Advantage and Disadvantage of MAC Address Filtering

By Ruri Ranbe

Your router includes a number of functions designed to improve the security of your network, but not all of them are useful. Media access control (MAC) filtering, for example, might seem beneficial, but doesn't necessarily provide the level of protection you would expect.

What Is a MAC Address?

Modern computers ship with two kinds of network adapters: a wired adapter and a wireless adapter. The former allows a computer to establish a connection to a modem or router via Ethernet; the latter lets it detect and connect to remote hot spots. Each adapter features a unique label called a MAC address; routers use this address to identify, and sometimes authenticate, computers connecting to the network. A MAC address is 12 hexadecimal digits long and appears in the format of "00:00:00:00:00:00" or "00-00-00-00-00-00."
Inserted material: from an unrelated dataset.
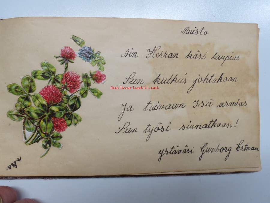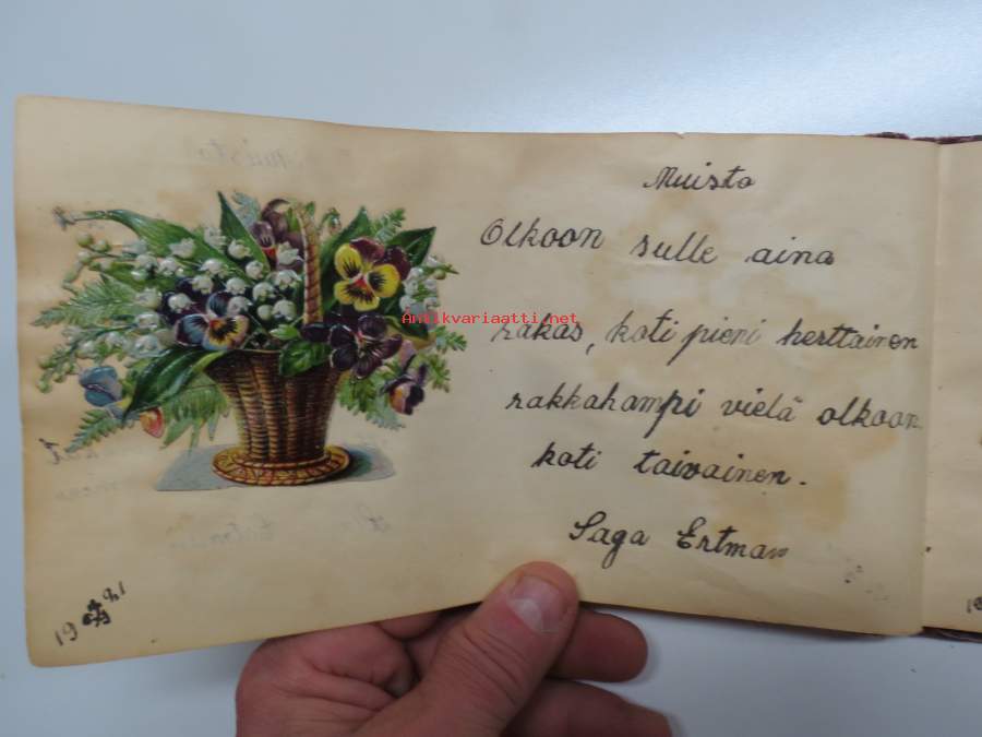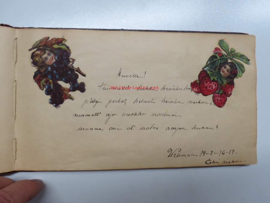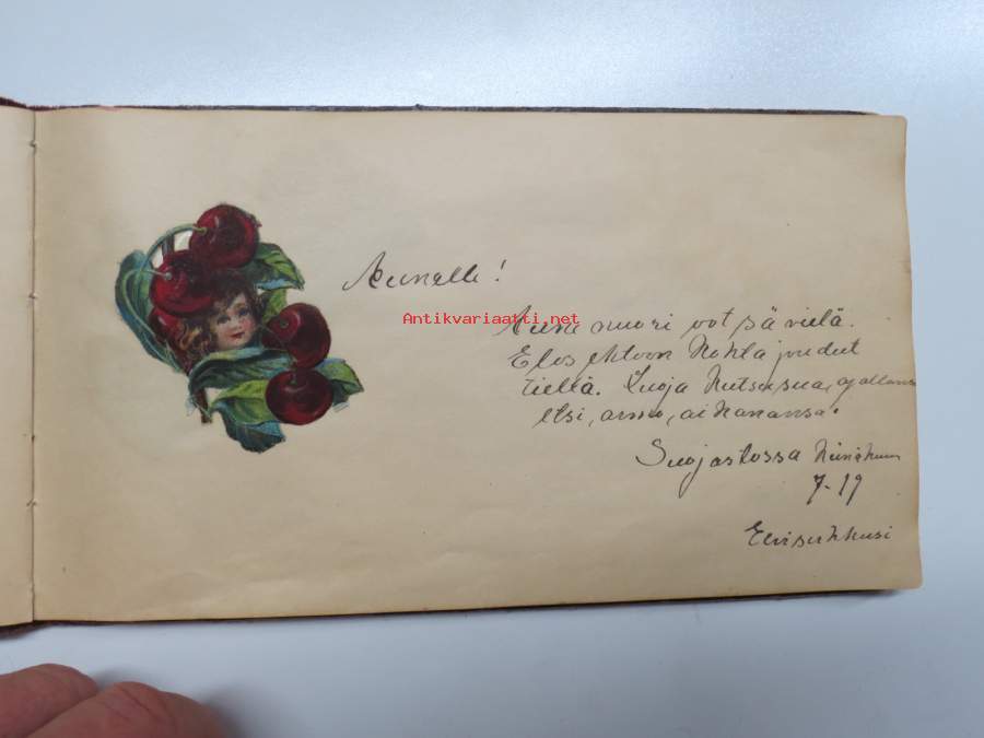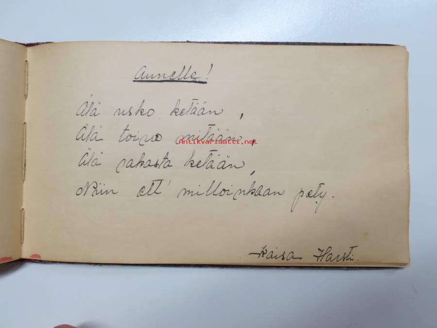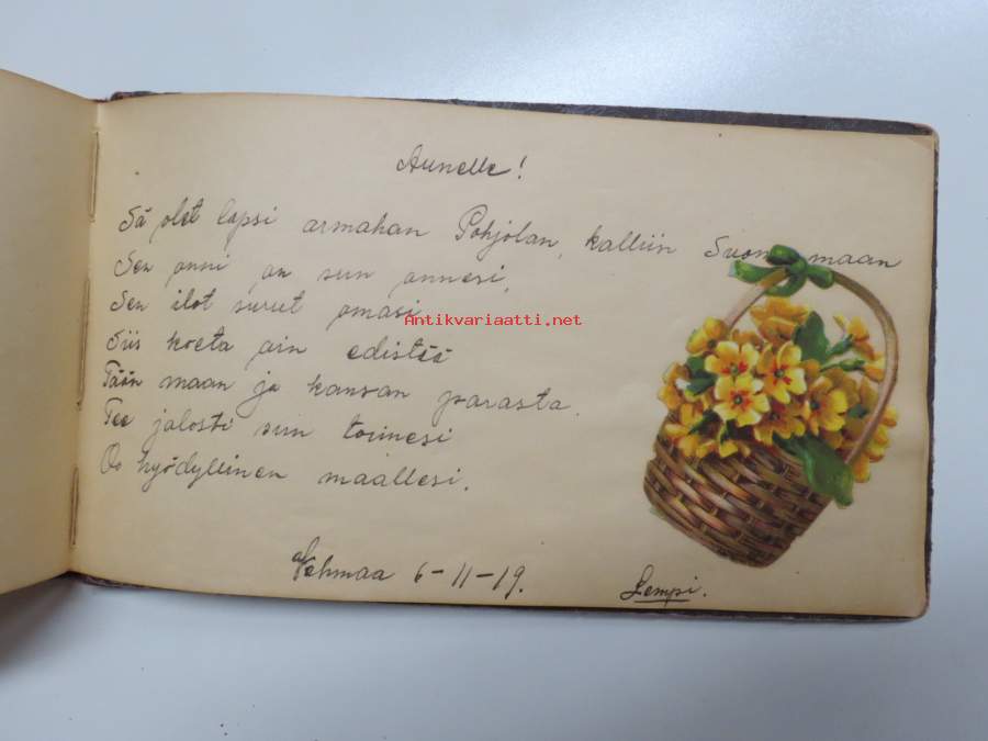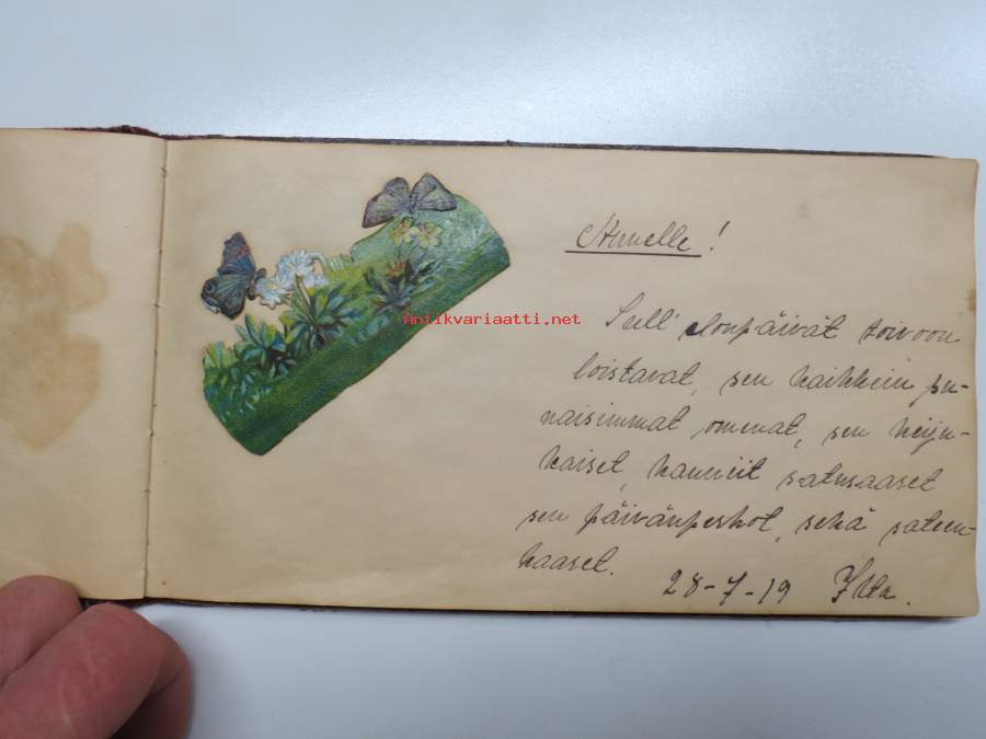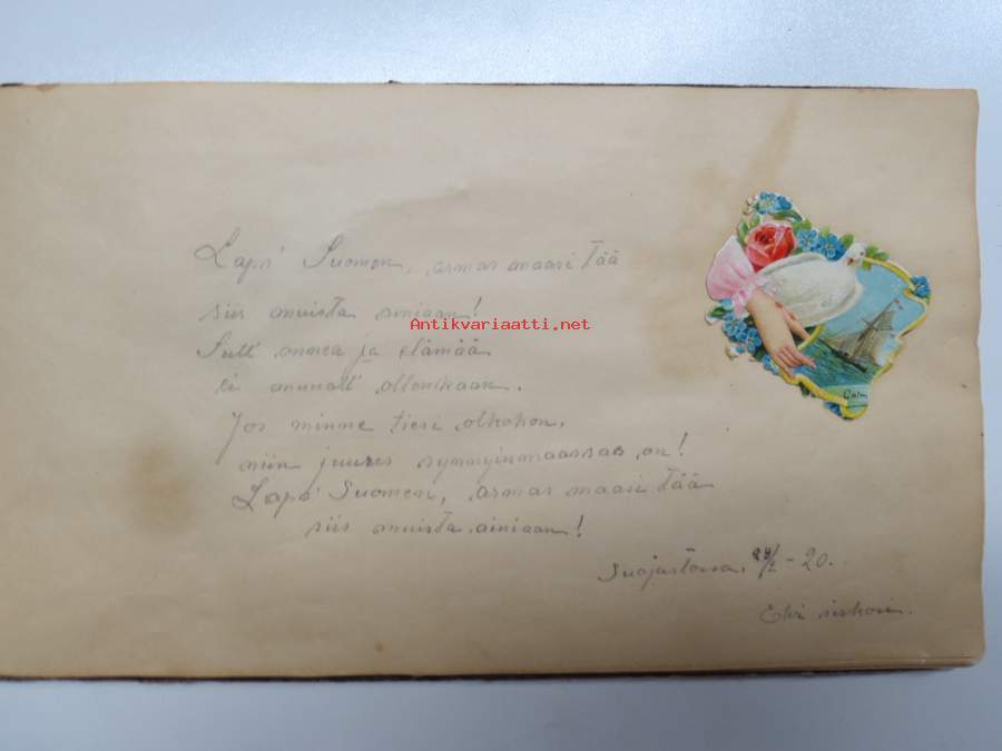Muistokirja - Aune Heleena Ruuth (Suojaasto, Vehmaa) -muistokirja kiiltokuvineen ja teksteineen vv. 1919-1923, runsaasti kiiltokuvia, kaikki näkyvät kohteen kuvista

What Does a MAC Filter Do?

Most routers include the option to blacklist or whitelist certain computers based on their MAC address. You can configure the filter to allow connections from all computers except those included in the blacklist, or restrict access to any computer that isn't included in the whitelist. Whitelists provide greater security than blacklists because the router grants access only to select devices.

What Are the Drawbacks?

If you set up your router to use a whitelist, you must modify the whitelist any time you purchase a new computer or mobile device, or any time you want to grant network permissions to visitors in your home. You must also add two MAC addresses for each PC: one for the wired adapter and one for the wireless adapter. In other words, the filter forces you to sacrifice convenience for increased protection.

How Secure Is the Filter?

Filtering is useless against a hacker, as any intruder can "spoof," or mimic, the MAC address of an authorized computer. Spoofing is even easier if a blacklist is in place: a hacker can choose another address almost at random to bypass the filter. To get around whitelists, hackers use a program called a sniffer, which intercepts data passing through a network; the sniffer can report to the user the MAC address of any device communicating on the LAN. Neither spoofing nor sniffing is difficult to execute -- you can even spoof your address in Windows without using any third-party tools.